PPARα agonists have, in particular, been shown to improve keratinocyte differentiation 95. Clearly HSA can directly target the keratinocytes but changes in the fibroblast secretome that then influence keratinocytes in a paracrine fashion are clearly possible but still yet to be proven.

Although controversial, activators for PPARα and γ are also reported to enhance or diminish melanogenesis 96, 97, 98, 99, 100. However, the most recent evidence indicates a potential reduction in melanogenesis for PPARα 101. Moreover, it is reported that PPARα expression is downregulated in other skin pigmentary disorders such as melasma 39. Although we have not measured melanogenesis in vitro, we anticipate such an effect from HSA as a direct PPARα target in melanocytes and indirectly from its PPAR activity on the fibroblast and keratinocyte secretome as our clinical results were unequivocal. Studies are ongoing to determine the most important potential paracrine signalling molecules in vitro.

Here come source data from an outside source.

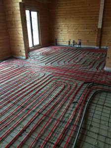 Теплый пол в коттедже - это комфортный вариант отопления. Температура поверхности водяного пола 27 – 29 градусов. Именно по такому полу приятно ходить и он не обжигает. При выборе водяного пола в качестве основной системы отопления частного дома Вы достигаете наиболее правильного распределения тепла в помещении. Трубы водяного теплого пола нагревают Ваш каменный пол, он прогревается и от него тепло распространяется снизу вверх за счет тепловой радиации.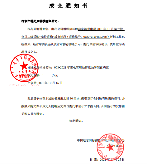 特力康中標(biāo)國網(wǎng)黑龍江送變電工程公司的2024年度第18次物資類競爭性談判采購項目——慶陽驅(qū)鳥器物資框 特力康中標(biāo)國網(wǎng)甘肅省電力公司省管產(chǎn)業(yè)單位2024年第五次物資競爭性談判授權(quán)采購項目 中標(biāo)喜訊:深圳市特力康科技有限公司成功入圍許繼集團(tuán)綜合能源公司輸電線路視頻在線監(jiān)測裝置模塊集采項目 中標(biāo)喜訊:特力康成功中標(biāo)國網(wǎng)重慶市電力公司渝中一片區(qū)項目 特力康成功中標(biāo)國網(wǎng)天津市電力公司2024年第二次?物?資招標(biāo)項目 特力康中標(biāo)國網(wǎng)安徽省電力有限公司蕪湖供電公司2024年3月非物質(zhì)采購項目 電力安全新保障:深圳特力康測斜裝置助力安徽電力公司高效運維 四川電力公司應(yīng)用防山火紅外熱成像雙目攝像機(jī),及時發(fā)現(xiàn)潛在的山火隱患 江西電力公司應(yīng)用輸電線路等值覆冰在線監(jiān)測,降低冰災(zāi)停電風(fēng)險和經(jīng)濟(jì)損失 四川電力公司攜手深圳特力康:輸電防山火智慧監(jiān)控裝置成功上線運行 創(chuàng)新視角:深圳特力康線路氣象災(zāi)害監(jiān)測預(yù)警系統(tǒng)如何重塑浙江電力公司的線路防災(zāi)策略 河南電力公司應(yīng)用深圳特力康輸電線路桿塔傾斜在線監(jiān)測裝置,提高電網(wǎng)的安全性和穩(wěn)定性 寧夏配電線路安裝了我司防外破電子化智能警示牌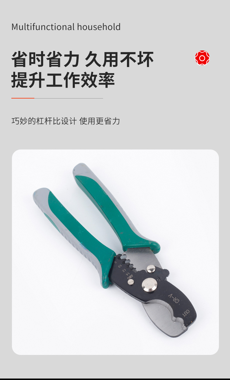 自产自销65锰钢 8寸电缆剥线钳子多功能剪线断线拔线钳扒皮电工钳 English | 投诉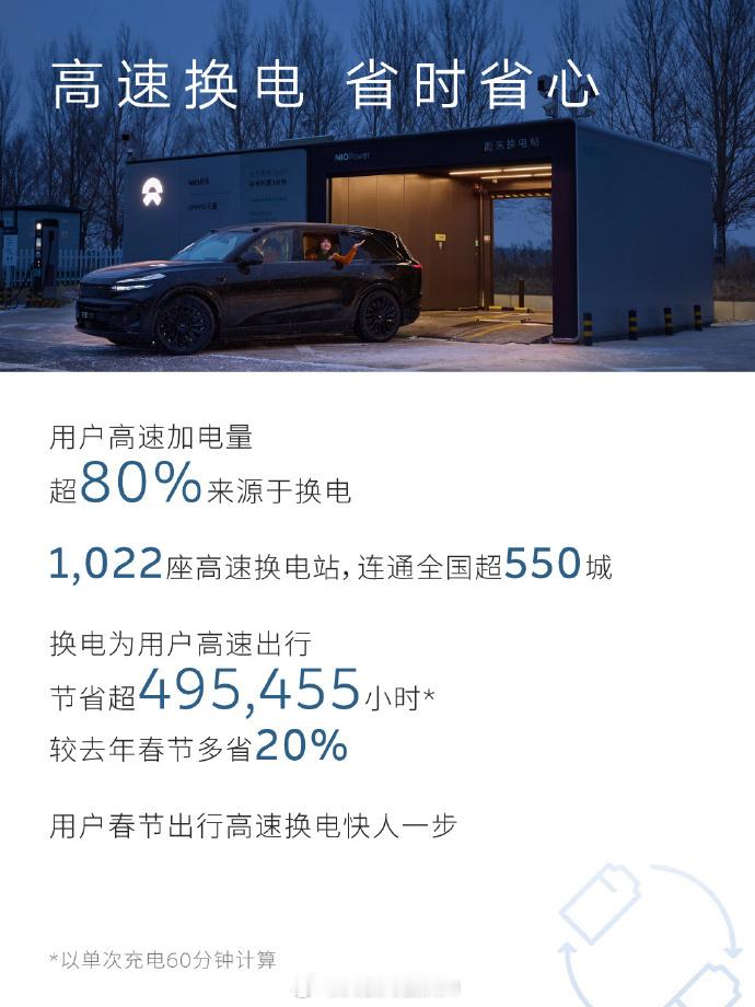 高速换电量占全国高速充换电量的15%,为用户节省超49.5万小时蔚来换电去哪都方便蔚来1亿次换电达成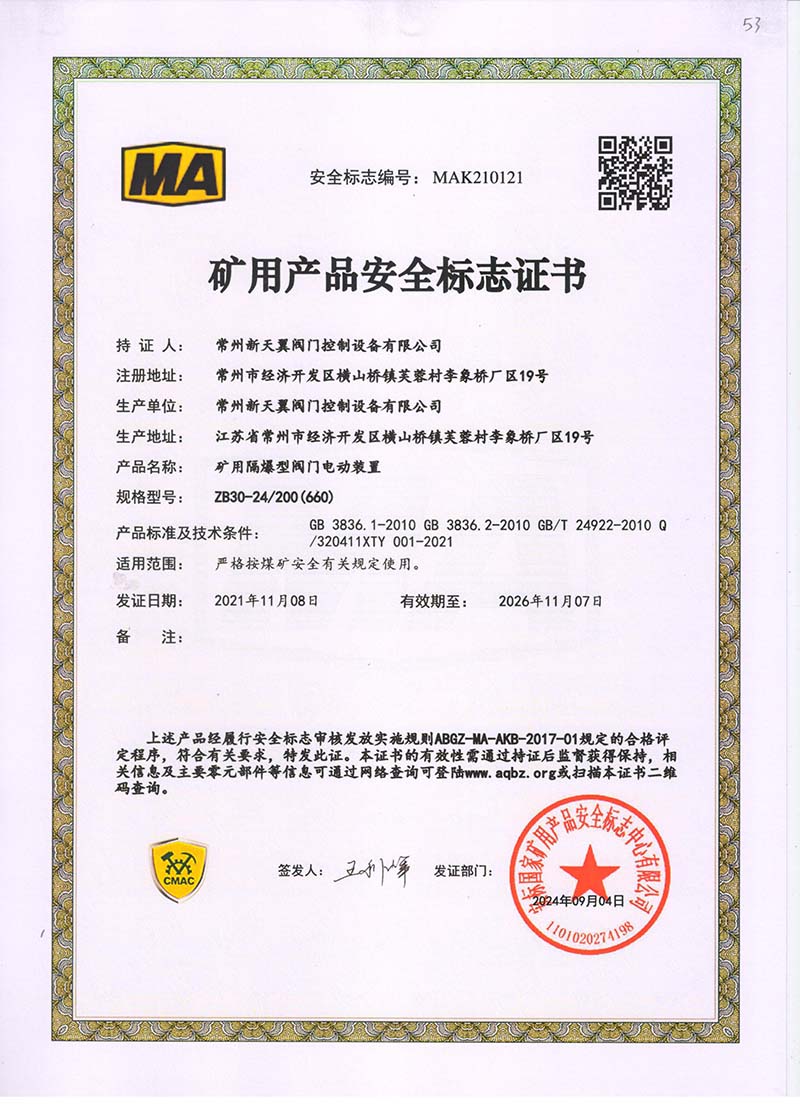 礦用產品安全標志證書ZB30-24 200(660)

In conclusion, HSA is a novel fatty acid for use in cosmetic formulations that we believe binds to PPARα to induce changes in skin cells, particularly fibroblasts, to mitigate the presence of conspicuous skin pores and age spots.

Table 7

EC50 values (μM) PPARα

Substance	EC50 (μM) PPARα	Std Err	95% EC50 confidence limits (μM)
GW7647 (POSITIVE CONTROL, DRUG)	0.0119	±0.0006	[0.0106–0.0134]
(R)‐10‐HYDROXYSTEARIC ACID (HSA)	5.4345	±0.1839	[5.0345–5.8670]
10‐HYDROXYSTEARIC ACID (racemate)	11.8115	±0.3871	[10.9897–12.6947]

PPARα agonist drug GW7647 was used as positive control. Chiral (R)‐HSA was significantly different to the racemate (P < 0.05).